I have no idea how i’ll leave New York.
Nobody’s making me, or asking me to, or presenting me with additional options, but over my head looms this end date I always assumed would come to me as clearly and loudly and as bright as a Times Square billboard saying “TIMES UP”. Such a time has not come yet. I moved here almost 7 years ago, which to this day blows my mind. Even more insane to me (and most people in this always-needing-a-change city) remains that I’ve had the same apartment almost the entire time I’ve been here, making my apartment and NYC as a whole the 2nd longest place I’ve ever lived outside of my childhood home.
I moved to New York “for one year”, to knock it off my bucket list, to say I did it – “it” being something I made a promise to myself to do when I was approximately 12 years old when I came to visit with my family for the first time. I just felt at home here in a way I didn’t really in St Louis. I liked all the different types of people, of dress, the languages, the neighborhoods, the *difference* in general. St Louis has changed and grown so much and I am proud to be from that city but growing up I saw it as such a boring and bland place — too cookie cutter even for my 12 year old eyes.
let me paint a picture for the kind of kid I was growing up. I remember hanging out at the mall with my friends and walking past a Limited Too (age appropriate for me at the time) and seeing these pair of patchwork blue jeans. my friends at the time made fun of them and said they were dumb or ugly or whatever they were saying and i INSTANTLY needed to own them. OMG i found almost an EXACT picture of them!! here:
i was obsessed with making things that people thought were ugly into something cool and pretty. the girl on the playground nobody was hanging out with? let’s see what her story is. this creepy necklace with a spider on it? i bet i could make this look feminine and pretty. give me $50 and set me free in the mall and i could find an enormous amount of “Buy One Get One” sale items that nobody else wanted and rock them.

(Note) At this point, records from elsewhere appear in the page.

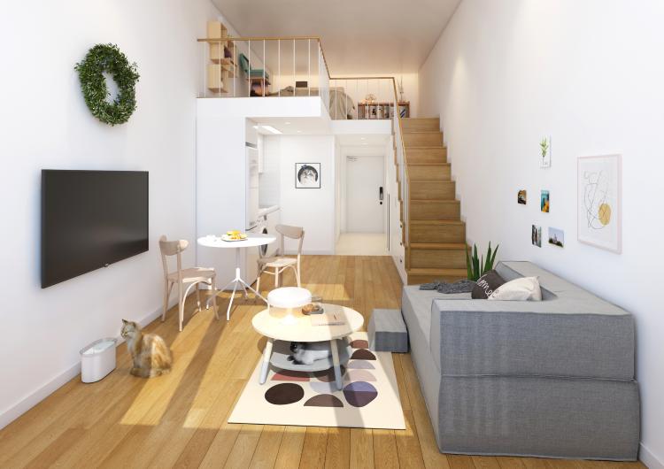 따뜻한 햇살이 아늑한 느낌을 주는 화이트&우드 톤의 복층 오피스텔입니다. 반려묘들은 공간을 수평 뿐만 아니라 수직으로도 인식하기 때문에, 복층 공간은 고양이를 위해 탁월한 선택이라고 할 수 있답니다. 그리고 컬러가 많은 인테리어 보다는 전체적으로 우드톤을 선택해 내추럴한 인테리어를 하면 반려동물에게 심리적 안정감을 줄 수 있다는 사실!
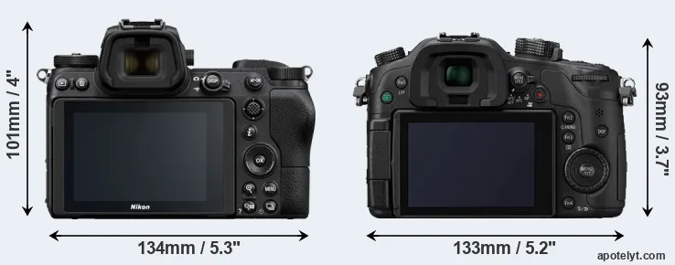 The physical size and weight of the Nikon Z6 and the Panasonic GH4 are illustrated in the side-by-side display below. The two cameras are presented according to their relative size. Three consecutive perspectives from the front, the top, and the back are available. All width, height and depth dimensions are rounded to the nearest millimeter.
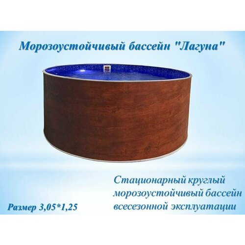 Морозоустойчивый Бассейн Лагуна 300х125 см под дерево, пленка мрамор 0,4мм+скиммер
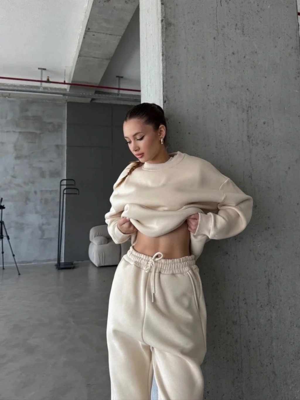 3 iplik şardonlu Lastik paça eşofman bej p510439
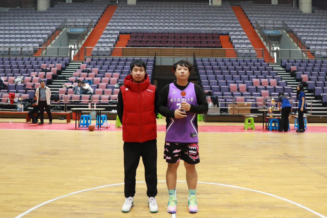 校工会教职工文体活动负责人马宇宁和首届篮球协会会长范洪涛

did people thing i was weird or different? totally. and i was bullied for the second half of grade school. but i did not GIVE. A. SHIT. about what these annoying girls thought of me. i dont know how i knew at 12 years old that doing what i wanted was more important than their approval but i love myself for it (and totally give some credit to my parents as well). visiting New York made me feel like EVERYONE in the city felt like they needed those patchwork jeans too. everyone marched to the beat of their own drum, they fought for their passions or careers or their demo or their fashion line and everybody around just let them be. “Do You” should be the slogan of the city, if i could be in charge of making one. I’ll talk to Cuomo about that.

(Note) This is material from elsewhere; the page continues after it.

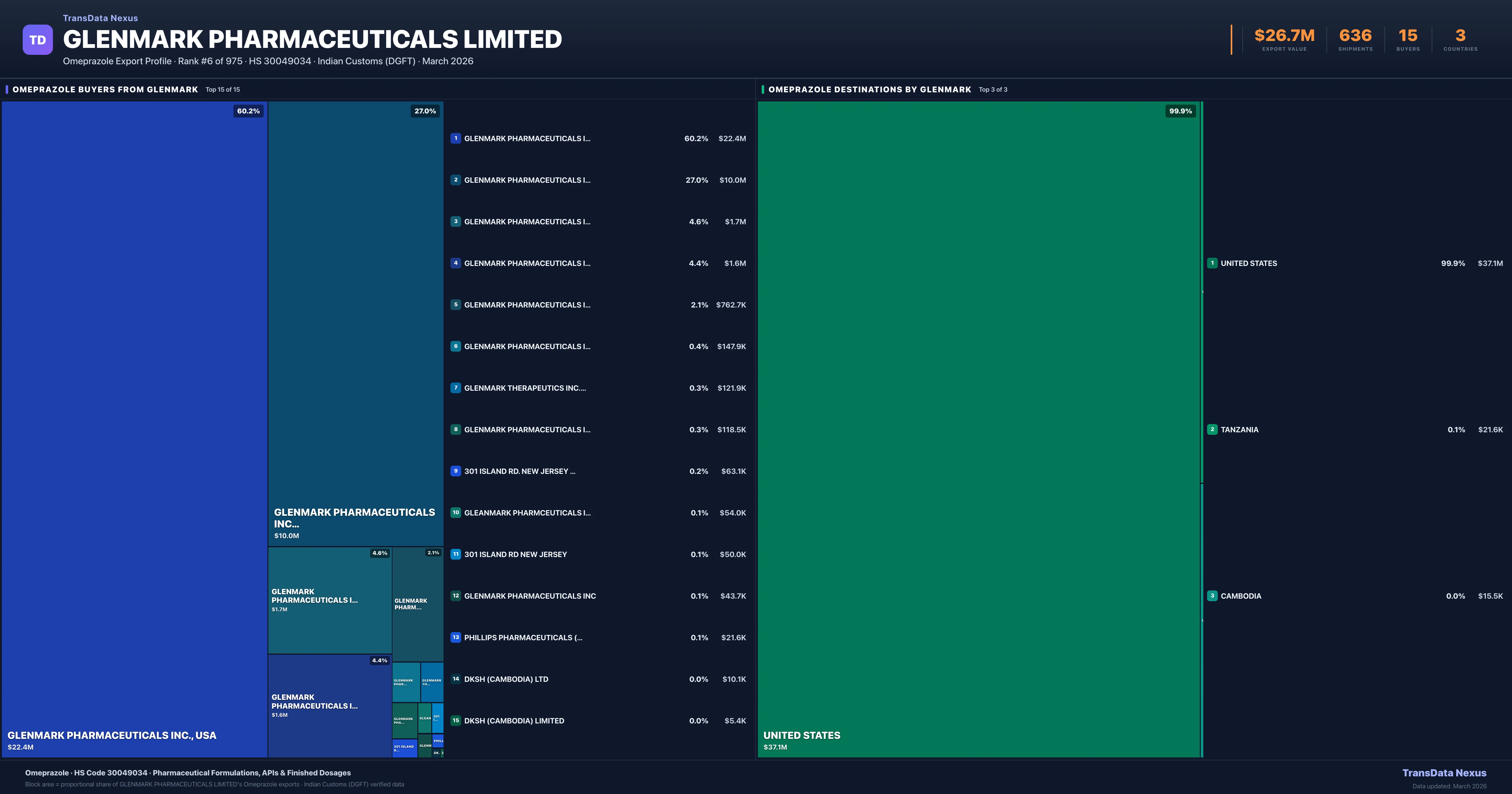 Glenmark Pharmaceuticals Limited — Omeprazole Export Profile: Buyers & Destinations
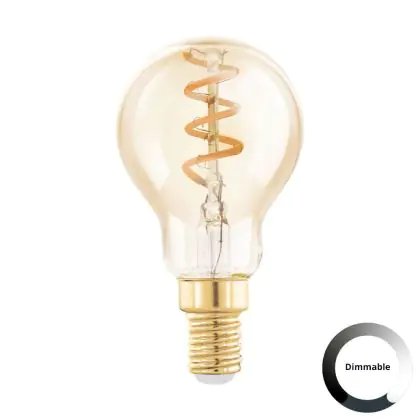 Die Eglo LED Kugel E14 Fadenlampe Messing 4W 145lm - 820 Extra Warmweiß | Dimmbar - Ersatz Für 15W ist eine effiziente E14 LED-Lampe mit Retrodesign und der perfekte Ersatz für Ihre konventionellen 15W Lampen mit E14. Zudem strahlt sie Licht in der Farbtemperatur 2000K - Extra Warmweiß aus und punktet durch eine lange Lebensdauer.

i have never been in a 7 year relationship with a human but i have with this city, and i feel like this city is prepping me for the time when i am that committed to someone i love. i came here for fun, realized it’s actually a pretty cool place to be, made a home for myself and have decided i will stay here until it no longer nurtures me. the past 2 years have been years where, honestly, I’ve reeeeeeeeeally had a hard time loving it here still. i would say to people “i think i’m done with New York” and they’d say “but you’re still here! you’ve gotta love it in some way!” a valid point to which i’d respond “i hate it 49.5% and love it 50.5%” – i said this A LOT and really truly felt like it. but where would i go? what if this had to do with my job? my relationship? if i changed one of those would i like the city more? what if i went to more local NYC spots around and grew a new appreciation for the city? i didn’t really do any of that to be honest but i did do one thing – i rode it out.

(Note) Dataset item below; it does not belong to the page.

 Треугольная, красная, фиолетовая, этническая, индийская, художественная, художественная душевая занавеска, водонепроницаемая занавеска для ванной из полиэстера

if life is about peaks and valleys and ups and downs and intermittent stagnancy, after 2 years of being in a valley with how i feel about NYC, i’m back to being at a peak. everything here to me looks like a postcard i want to frame. i take internal pictures of everything – the obviously new couple holding the subway pole together and flirting; the skateboarders in union square; the chaotic traffic around Columbus Circle which nobody seems to know how to navigate; the feeling of telling a cab driver which route to take so he doesn’t screw you over; ALL of it has returned to being magic to me, and i don’t know how i could ever leave this place.
i do take it for granted. i mean, when i want to go to the art museum, my local spot is the Met – one of the most famous in the world. going to a play doesn’t mean visiting the local theater of hardworking neighbors but Broadway, the best of the best. the oysters are from a mere few miles away. my favorite restaurants where i kick my feet up and order a “usual” are lauded worldwide for their unique takes. THE PIZZA I MEAN DEAR GOD.
all the time i wonder when i’m going to leave and where in the hell i’d go – and i’m asked this consistently. i have no fucking idea how to live anywhere else. i joked with my friend who asked where i would move and said, “if i could find a place where i didn’t have to drive with incredible food and interesting people and unique things to do and it was on the East Coast (or at least the Eastern Time Zone) i would probably end up there”. her response? “Oh yeah, you’re never leaving New York”.